To describe variation in recruitment outcomes across trial characteristics, χ2 tests of association were conducted between the three-level categorical outcome (under 90%, 90%–110% and over 110%) and each of the eight trial characteristics of interest. These characteristics, predefined based on availability, were publication year, unit of randomisation (cluster vs individual), geographical region of recruitment, type of intervention, use of routinely collected data, whether individual informed consent had been obtained, use of patient or public engagement and journal impact factor. The rationale for considering each of these characteristics is described in online supplemental appendix A3. Continuous characteristics were dichotomised as below or above the median for all trials. To preserve degrees of freedom, categorical variables were recoded for analysis: the geographical categories ‘other high-income countries only’ and ‘multiple high-income regions’ were combined, and intervention type was dichotomised as educational/behavioural versus clinical, mixture or other. Where the exclusive use of routinely collected data or patient/public engagement in the research was unclear, these were classified as no use. To analyse associations with obtaining consent, we compared studies which indicated that consent had been obtained with studies that either explicitly reported no consent or did not state anything about consent. A similar approach was used in our previous review.21 This was thought to be appropriate as it is likely that if consent had been obtained, authors would have stated so. A sensitivity analysis was conducted excluding trials in which no information about consent was reported. Three trials with missing journal impact factors were categorised as below the median, as journals with missing impact factors likely have lower impact.

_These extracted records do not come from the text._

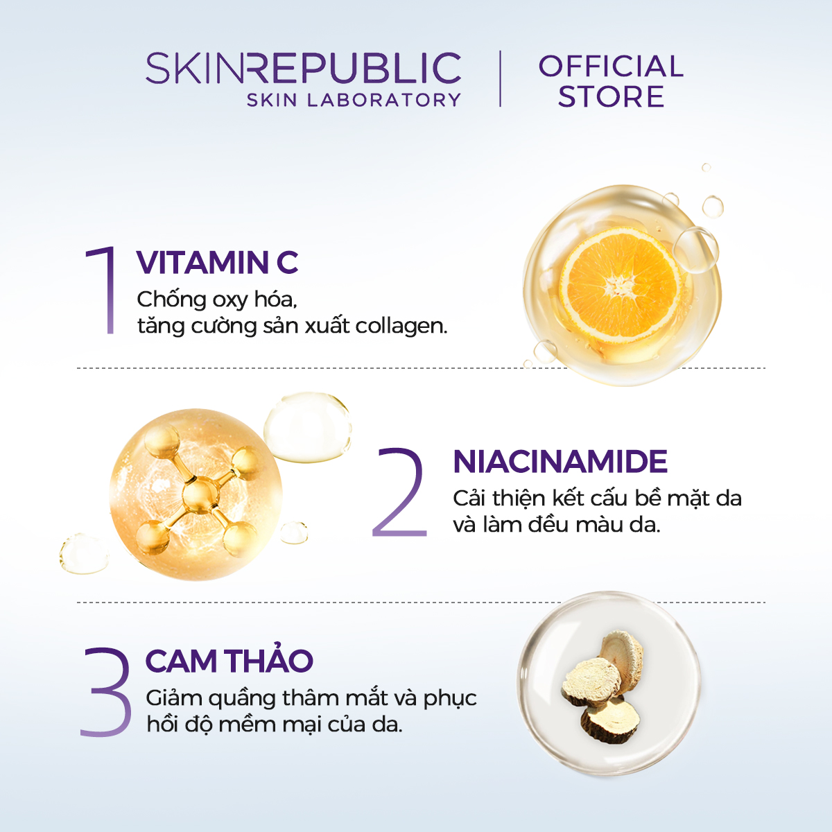 Mặt nạ mắt Skin Republic Brightening Eye Mask (3 cặp) 23ml Mặt nạ mắt được bổ sung viatmin C và niacinamide, giúp làm sáng vùng da quanh mắt, giảm sự xuất hiện của quầng thâm,
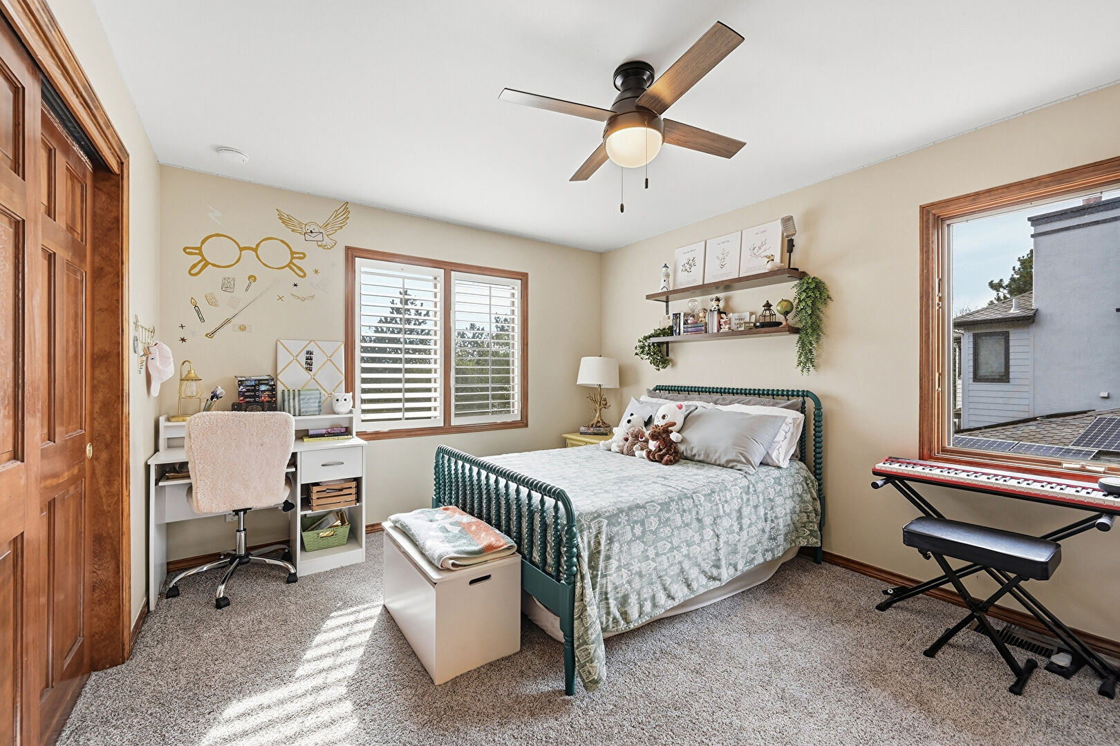Baseboards Wall, Carpet, Ceiling Fan, Closet, Drywall, Ensuite Bathroom, Natural Light, Office Area, Vent, Carpet, Ceiling Fan
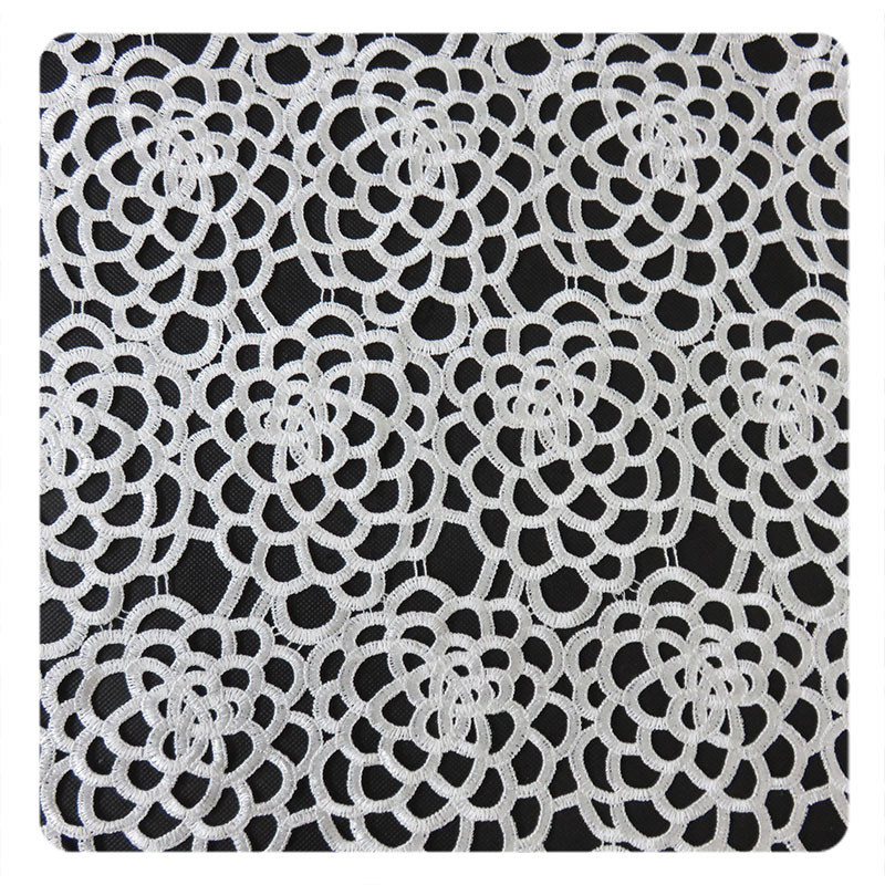 प्राचीन खिंचाव पॉलिएस्टर कढ़ाई फीता कपड़ा, सफेद फूल

To examine the independent contributions of these trial characteristics to recruitment outcomes, a multivariable exploratory multinomial logistic regression analysis was conducted. We included all eight variables of interest in the multivariable model regardless of statistical significance—no stepwise variable selection was used. A post hoc supplementary analysis, stratified by unit of randomisation, was conducted to examine whether these characteristics were differentially associated with recruitment outcomes in cluster versus individually randomised trials. This analysis was exploratory and did not adjust for multiplicity.

A level of significance of 5% was chosen a priori for all analyses. Analyses were performed using SAS Studio V.3.8 on SAS V.9.4 Software (SAS Institute).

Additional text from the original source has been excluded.